Mortgage for a vacation home

Vacations properties are all the rage these days. Some want to pack up their families and escape winter on a warm beach, while others embrace the snow and head off to the mountains with friends. Whatever your preference, it’s smart to line up your vacation home financing before you start shopping. Here’s what you need to know.

You’ll need a bigger down payment

You may have put just five percent down when you bought your primary home, but (ouch!) you’ll need to come up with at least ten for a vacation home. If your application isn’t rock solid – good enough to meet the demands of uber-picky mortgage insurers – plan on making at least a 20 percent down payment.

Short on cash? You are not alone! According to the National Association of Realtors, about 20 percent of buyers get their vacation home down payments from home equity loans against their primary residences. If you have the equity, this might be a good solution for you.

What about government mortgages? Sorry, Uncle Sam has little interest in helping you snag your getaway condo. Unless you assume someone else’s government-backed home loan, you won’t be able to finance a vacation home this way – government mortgages are reserved almost exclusively for primary homes.

Qualifying is slightly more difficult

Vacation property loans are riskier to mortgage lenders than primary home mortgages, but not much riskier. You should be able to shop pretty aggressively for a good mortgage rate.


Don’t spent your last cent on your new place — well-qualified applicants need at least two months of reserves (money available to make the mortgage payment if there is an income stoppage), and less-qualified applicants need at least six months of reserves.


Credit score requirements are typically slightly higher for second homes than for primary homes – for example, Fannie Mae sets its minimum FICO at 620 for primary home purchase loans with at least 25 percent down and 640 for vacation homes with down payments of 25 percent or more.

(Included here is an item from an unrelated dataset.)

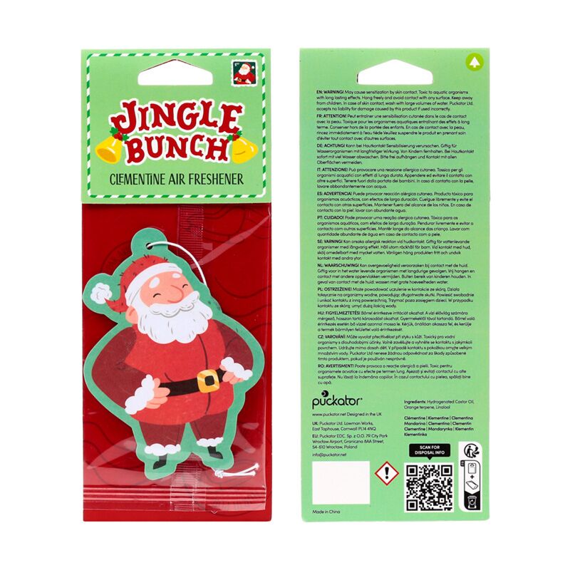 https://www.puckator.co.uk/xairf171-clementine-jingle-bunch-christmas-santa-air-freshener.htmlXAIRF171Clementine Jingle Bunch Christmas Santa Air Freshener<p>Clementine Jingle Bunch Christmas Santa Air Freshener</p><ul><li><strong>Material:</strong> Card, Polypropylene, Elastic, Absorbant Paper, and Fragrance</li><li><strong>Fragrance:</strong> Clementine</li><li><strong>Safety Information:</strong> Keep away from children. Full safety and fragrance information is shown on the product packaging. Do not rest or lean against any surface as the oils in the air freshener can cause staining or damage.</li><li><strong>Seasonal Holiday / Festive Occasion: </strong>Christmas</li></ul><p><strong>Product Resources:</strong></p><ul><li><strong>Want to find out more about purchasing from Puckator?</strong> Then read our <a href="/advice-centre" target="_blank" title="Puckator UK Customer Information Guide">customer information guide.</a></li><li><strong>Need more information on air fresheners?</strong> Visit our resource centre and browse our <a href="https://www.puckator.co.uk/air-fresheners-guide" target=_blank" title="Hints and Tips Guide to Buying and Selling Air Fresheners from Puckator UK"> hints and tips guide</a> to buying and selling air fresheners.</li></ul>https://www.puckator.co.uk/media/catalog/product/X/A/XAIRF171_001_1759394352.jpg0.46outofstock0.460.4600Puckator000https://www.puckator.co.uk/media/catalog/product/X/A/XAIRF171_001_1759394352.jpg158761660117193178081812618127194091941019411/Car Air Fresheners/Christmas Gifts & Decorations/Christmas Beauty & Fragrance2025-02-14T06:50:23+0000No

Debt-to-income (DTI) requirements are generally the same for second homes as for primary residences. Unlike investment property, vacation homes have no rental income to offset the mortgage payment. You have to qualify with your own income. If you wish to purchase a multi-unit vacation home, it will be treated as investment property, whether or not you plan to rent it out.

You can buy with friends or family

It’s very common for several families to buy vacation homes together. This can make it easier to come up with a down payment and to qualify for the mortgage. You also lower your other costs – utilities, maintenance and repairs — by sharing them with others.

Before purchasing a vacation home with friends or family, set up your house rules, determine how expenses will be met, and create an agreement for the resale of your shares in the home – you may want a right of first refusal or even be able to reject a purchaser for good reasons. You may need to refinance the home to complete the sale, so address that possibility ahead of time.

Shop carefully

Don’t let the laid-back atmosphere of a vacation destination affect your decision-making! If you don’t put the margarita down and pick up a few mortgage quotes for your beach house mortgage, you’re probably leaving money on the table. Most people don’t have the cash to buy their vacation homes outright. By shopping carefully for your home and your loan, you can make your purchase a success and be enjoying your property for years or even generations to come.